====== DATASET CONTENT ======

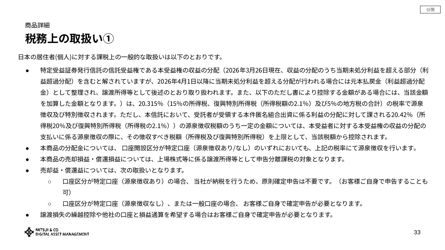 公開 税務上の取扱い① 33 商品詳細 ⽇本の居住者(個⼈)に対する課税上の⼀般的な取扱いは以下のとおりです。 • 特定受益証券発⾏信託の信託受益権である本受益権の収益の分配(2026年3⽉26⽇現在、収益の分配のうち当期未処分利益を超える部分(利 益超過分配)を含むと解されていますが、2026年4⽉1⽇以降に当期未処分利益を超える分配が⾏われる場合には元本払戻⾦(利益超過分配 ⾦)として整理され、譲渡所得等として後述のとおり取り扱われます。また、以下のただし書により控除する⾦額がある場合には、当該⾦額 を加算した⾦額となります。)は、20.315%(15%の所得税、復興特別所得税(所得税額の2.1%)及び5%の地⽅税の合計)の税率で源泉
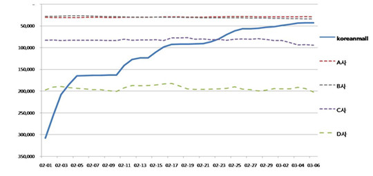 | ▲ 그래프 설명 : 국내 주요 역직구몰 알렉사 랭킹 현황 | ||
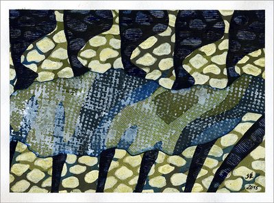 Anfangs haderte ich dort im Niederen Fläming mit der Monotonie der Brandenburger Wälder, bin ich doch von der kleinteiligen Landschaft hier in Thüringen reichlich verwöhnt. Doch mehr und mehr begann ich den Waldrand direkt vor meinem Atelier zu genießen: fror gerne bei offenem Fenster, um die Vogelstimmen einzulassen und träumte mit dem Blick in die Bäume vor mich hin... Immer öfter ging ich im Wald spazieren und nahm ein um das andere Detail wahr. Zweige, Moose und Erde wanderten in mein Atelier.
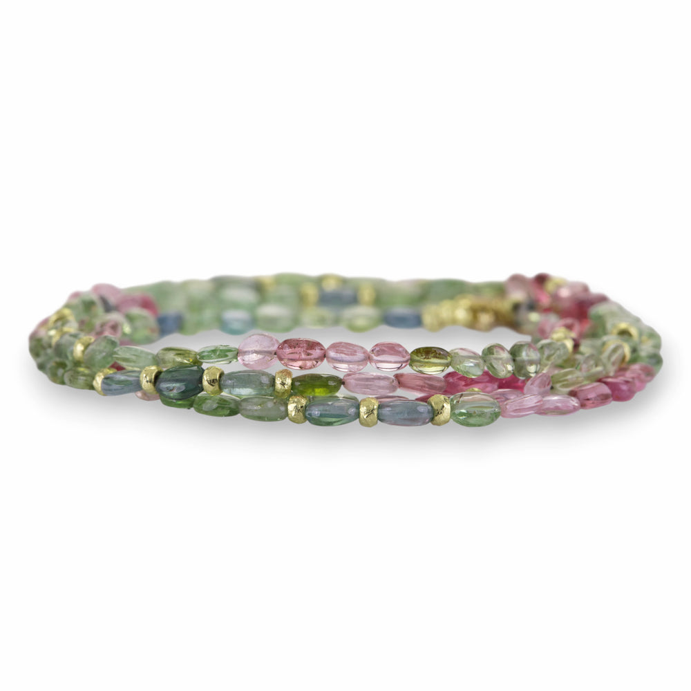 An 18k yellow gold beaded bracelet with smooth oval shaped pink and green tourmaline and scattered gold puff beads. Total length measures 36" including a 2" extension chain and lobster clasp Handcrafted in Rochester, NY, U.S.

======

(EXERCISE AIM): The line containing "알렉사 랭킹 현황 | ||" marks the end: transcribe every line from the start of the listing up to and including it, minus the pictures.

(RESULT):
 公開 税務上の取扱い① 33 商品詳細 ⽇本の居住者(個⼈)に対する課税上の⼀般的な取扱いは以下のとおりです。 • 特定受益証券発⾏信託の信託受益権である本受益権の収益の分配(2026年3⽉26⽇現在、収益の分配のうち当期未処分利益を超える部分(利 益超過分配)を含むと解されていますが、2026年4⽉1⽇以降に当期未処分利益を超える分配が⾏われる場合には元本払戻⾦(利益超過分配 ⾦)として整理され、譲渡所得等として後述のとおり取り扱われます。また、以下のただし書により控除する⾦額がある場合には、当該⾦額 を加算した⾦額となります。)は、20.315%(15%の所得税、復興特別所得税(所得税額の2.1%)及び5%の地⽅税の合計)の税率で源泉
 | ▲ 그래프 설명 : 국내 주요 역직구몰 알렉사 랭킹 현황 | ||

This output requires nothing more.